Scenario B: A 45-year-old man from Bihar presents with 3 months of low-grade fever, progressive abdominal distension (hepatosplenomegaly), cachexia, and pancytopenia. rK39 rapid test for kala-azar is positive. He has no prior treatment history. What is the treatment of choice and its mechanism?

Discussion: Liposomal Amphotericin B (L-AmB) 10mg/kg single IV dose — the national standard for visceral leishmaniasis in India. Mechanism: L-AmB is preferentially phagocytosed by macrophages in the reticuloendothelial system (liver, spleen, bone marrow) — the exact intracellular niche where L. donovani amastigotes reside. Amphotericin B binds leishmanial ergosterol, forming membrane pores → ion leak → parasite death. Liposomal formulation dramatically reduces nephrotoxicity vs conventional amphotericin B. Monitor: infusion reactions (pre-medicate), RFT, electrolytes. Expected: fever resolution in 5–7 days, splenic regression over weeks.

Scenario C: During your rural posting, you screen 50 children in a Bihar village for G6PD deficiency before a filariasis MDA programme that includes primaquine. Eight children (16%) test G6PD deficient. Can the MDA proceed? What drug combinations are safe for G6PD-deficient children?
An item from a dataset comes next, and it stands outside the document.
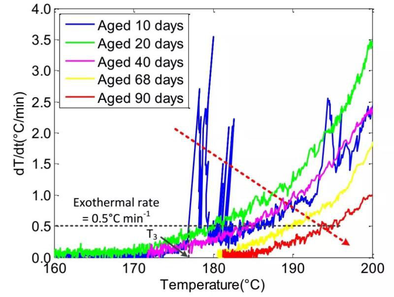 如圖4所示,與圖3結(jié)果類似,隨著存儲(chǔ)時(shí)間的延長(zhǎng)同等溫度下老化電池的自產(chǎn)熱速率不斷降低,表明老化后電池的熱穩(wěn)定性確實(shí)提高。作者推測(cè)原因可能是:(1)老化過程消耗了電池活性材料,導(dǎo)致熱失控階段活性材料量減少;(2)老化形成的非活性層覆蓋住了部分活性位點(diǎn),使得熱失控過程副反應(yīng)程度降低。

Discussion: The standard 2-drug MDA for LF is DEC + albendazole (in areas without onchocerciasis). DEC does not cause haemolysis in G6PD-deficient individuals (unlike primaquine and dapsone — it does NOT generate oxidative stress in red cells). Ivermectin + albendazole is also safe in G6PD deficiency. However, note: the newer triple-drug MDA includes ivermectin + DEC + albendazole (NO primaquine). MDA for filariasis does NOT include primaquine — primaquine is used for P. vivax radical cure, not filariasis. The G6PD-deficient children can safely receive the standard filariasis MDA.